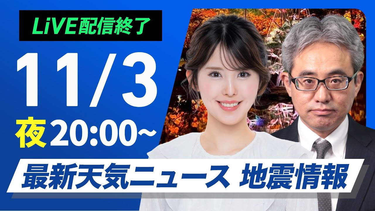 【ライブ配信終了】最新天気ニュース・地震情報 2025年11月3日(月) /鹿児島県で地震相次ぐ〈ウェザーニュースLiVEムーン・小川千奈/本田竜也〉
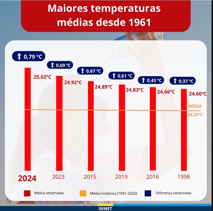 No Brasil, o Instituto Nacional de Meteorologia (INMET) registrou uma temperatura média de 25,02°C no ano passado. O número é o mais alto desde 1961, quando a medição nacional começou a ser feita, e está 0,79°C acima da média histórica, que abrange o período de 1991 a 2020.
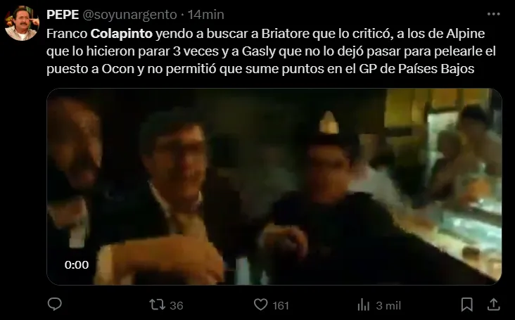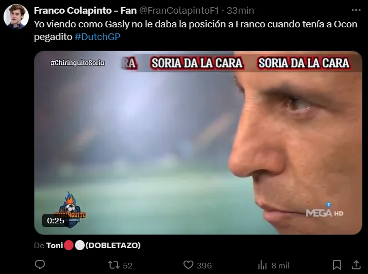 Franco Colapinto tuvo su mejor carrera con Alpine en el GP de Países Bajos de la Fórmula 1. El argentino terminó en el puesto número 11 y quedó a una posición de sumar su primer punto con la escudería francesa. En las redes sociales se vivió con mucha pasión esta carrera, sobre todo porque la decisión del equipo fue que el pilarense le devuelva la posición a Gasly luego de haberlo pasado con una gran maniobra.
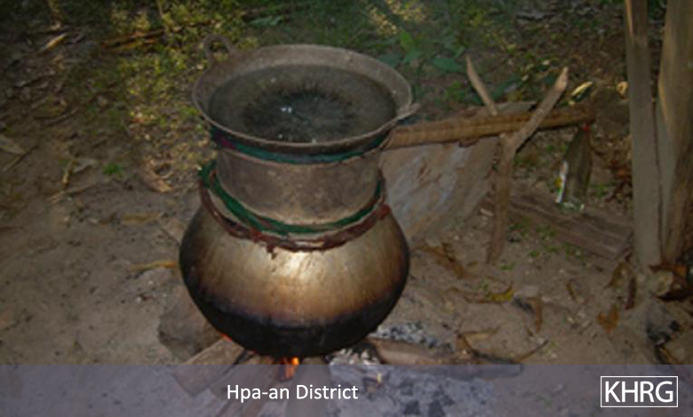 Distilling rice alcohol. At this time of year Karen people distill alcohol and have some after finishing work in the fields, and also serve it to their friends who helped them in the fields on the harvest. [Photo: KHRG]

**PROBLEM TO WORK ON**
Your answer should be the lines above from the one that contains "Franco Colapinto tuvo" through the last, set down exactly, with the pictures removed.

**OUTPUT OF THE EXERCISE**
 Franco Colapinto tuvo su mejor carrera con Alpine en el GP de Países Bajos de la Fórmula 1. El argentino terminó en el puesto número 11 y quedó a una posición de sumar su primer punto con la escudería francesa. En las redes sociales se vivió con mucha pasión esta carrera, sobre todo porque la decisión del equipo fue que el pilarense le devuelva la posición a Gasly luego de haberlo pasado con una gran maniobra.
 Distilling rice alcohol. At this time of year Karen people distill alcohol and have some after finishing work in the fields, and also serve it to their friends who helped them in the fields on the harvest. [Photo: KHRG]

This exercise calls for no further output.